┌──
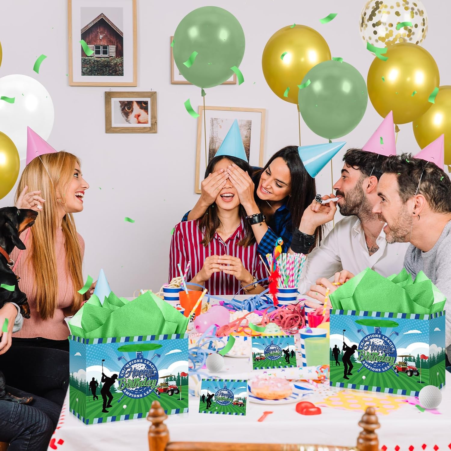 Innovoscape Golf Party Gift Bag Happy Birthday Wrapping Bag with Greeting Card and Tissue Green Birthday Paper Bag for Boys Girls Golf Party Decorations Baby Shower Bday Golf Theme Party Supplies
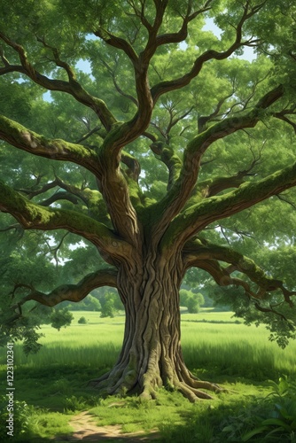 © haiqiang, Obraz premium painting of a large tree in a grassy field with a path
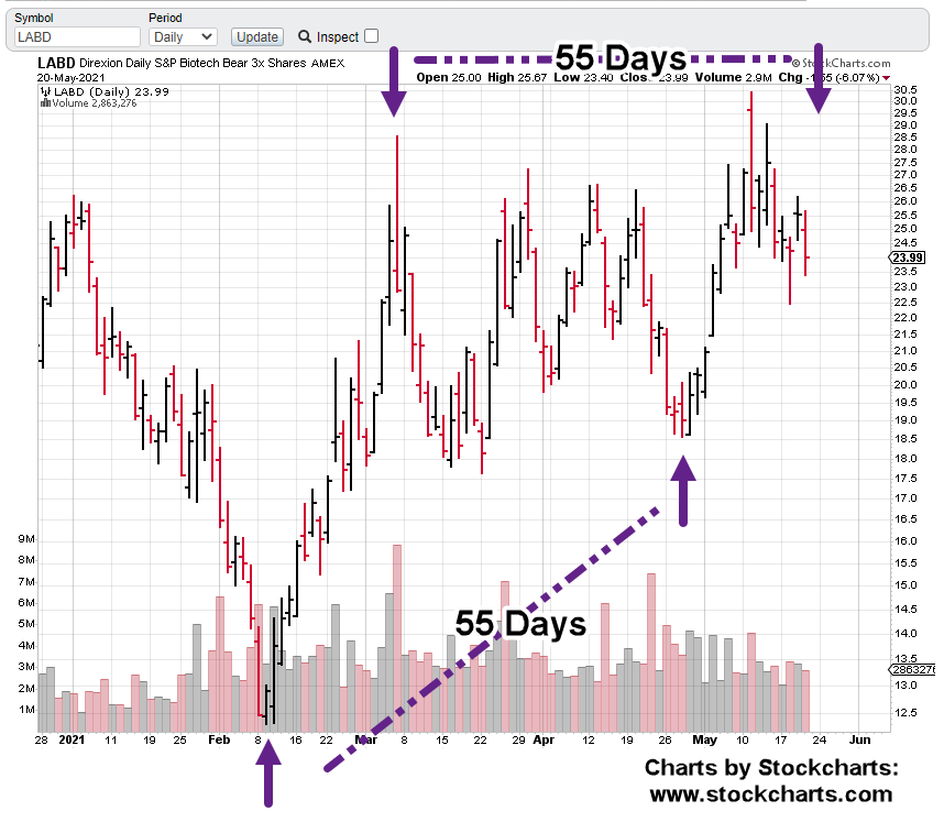 Today is Fibonacci Day 55, from the SPBIO, low set on March 5th, this year.
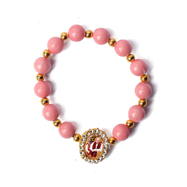 • Item Name: Pink Round Pearl Bracelet with Jai Guruji Swaroop Handmade Bracelets for Men and Women
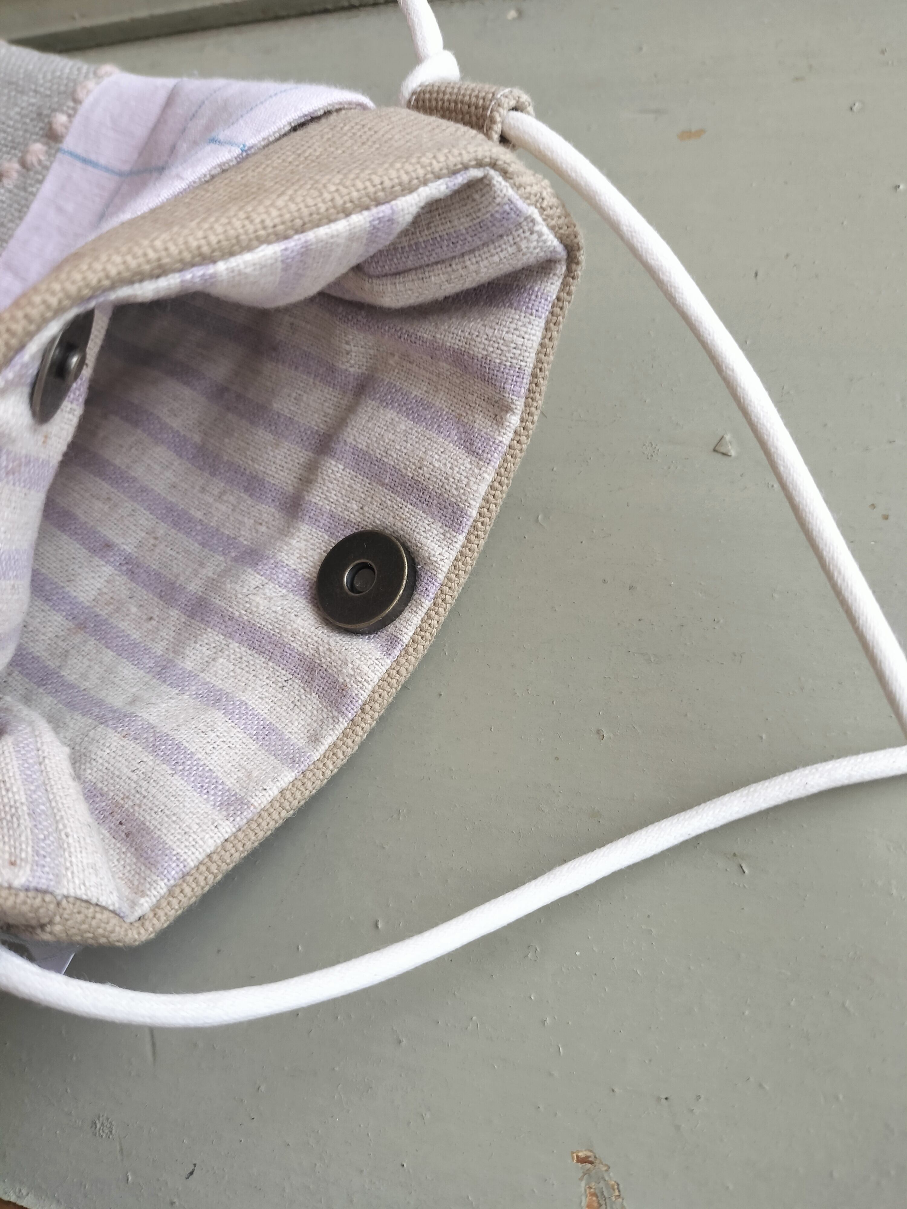 ミナペルホネンのファブリックでパッチワークを施したスマホポシェット。
└──
• TASK DIRECTIONS
An acceptable answer holds exactly the lines from the one with "with a path" through the end of the entries above, both ends kept, and no pictures at all.

• RESPONSE AREA
 © haiqiang, Obraz premium painting of a large tree in a grassy field with a path
 Today is Fibonacci Day 55, from the SPBIO, low set on March 5th, this year.
 • Item Name: Pink Round Pearl Bracelet with Jai Guruji Swaroop Handmade Bracelets for Men and Women
 ミナペルホネンのファブリックでパッチワークを施したスマホポシェット。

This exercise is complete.